## YOUR INSTRUCTIONS
I need every line from the start of the material below up to and including the line containing "Όπως φαίνεται στο", restated exactly, with the pictures omitted.

┌─ DATA BELOW

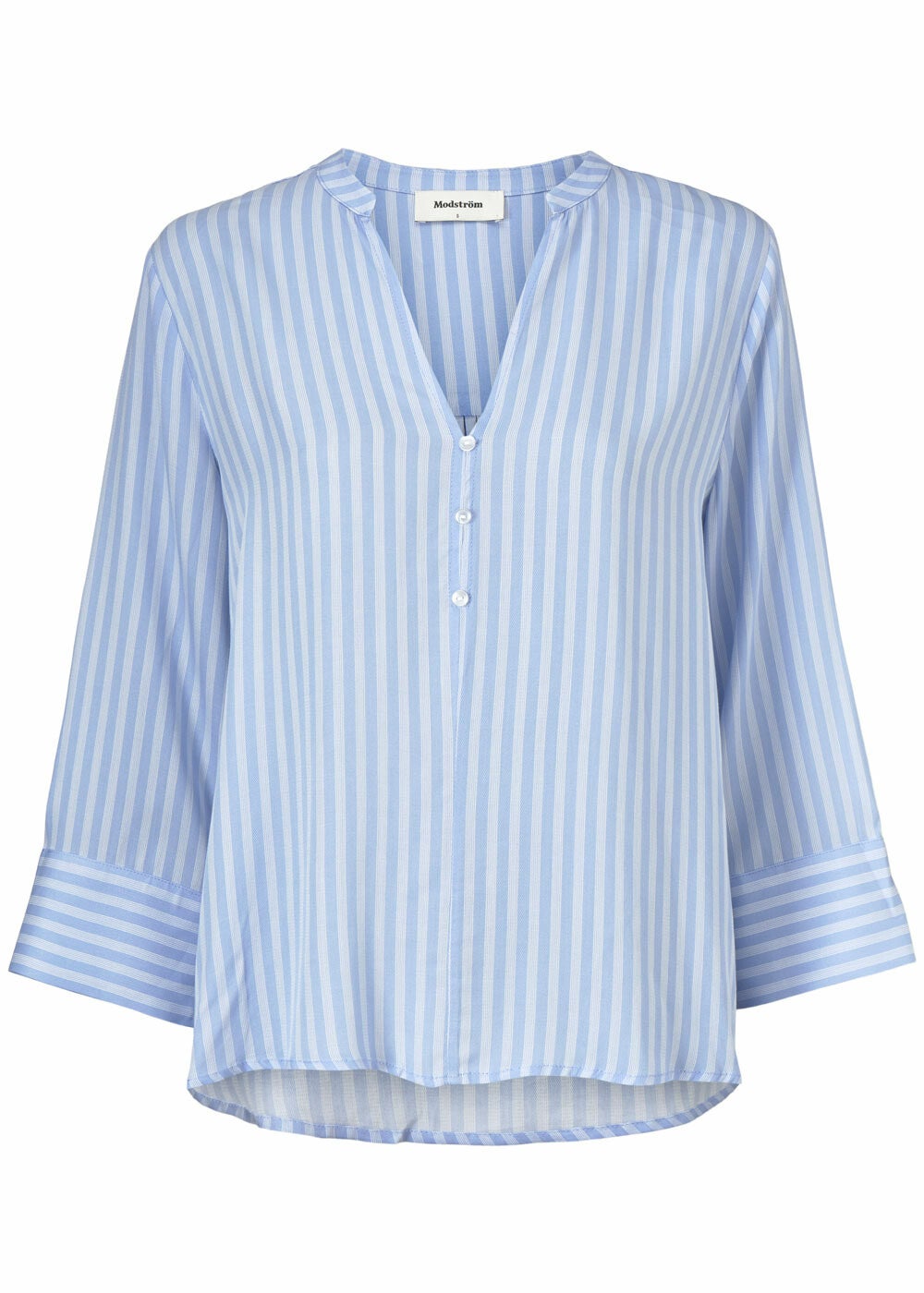 vrouwelijke top met strepenmotief. De top heeft een losse pasvorm en 3 kleine knoopjes aan has a loose fit and 3 small buttons at front. The top has V-neckline and is made of the softest viscose quality. 100% Viscose
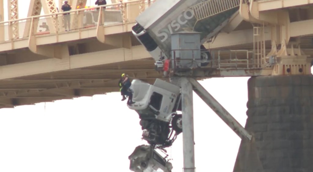 Όπως φαίνεται στο βίντεο, το φορτηγό κατέληξε να κρέμεται από την άκρη γέφυρας πάνω από τον ποταμό Οχάιο κοντά στο Λούισβιλ του Κεντάκι.
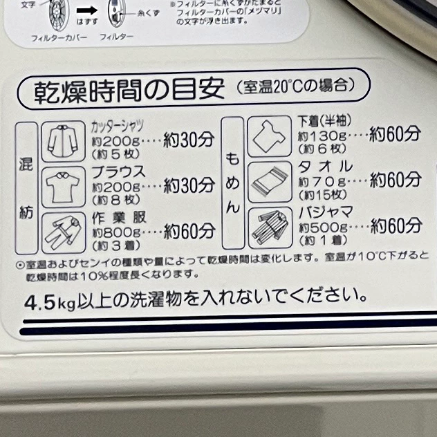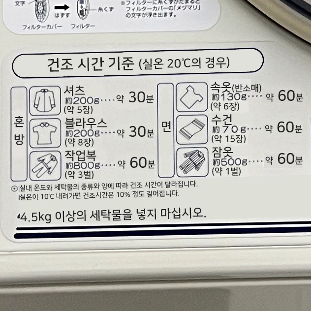건조시간 안내인데, 왼쪽이 원본이고 오른쪽은 제가 한글로 번역해 둔 것이에요.

└─

## RESULT BELOW
 vrouwelijke top met strepenmotief. De top heeft een losse pasvorm en 3 kleine knoopjes aan has a loose fit and 3 small buttons at front. The top has V-neckline and is made of the softest viscose quality. 100% Viscose
 Όπως φαίνεται στο βίντεο, το φορτηγό κατέληξε να κρέμεται από την άκρη γέφυρας πάνω από τον ποταμό Οχάιο κοντά στο Λούισβιλ του Κεντάκι.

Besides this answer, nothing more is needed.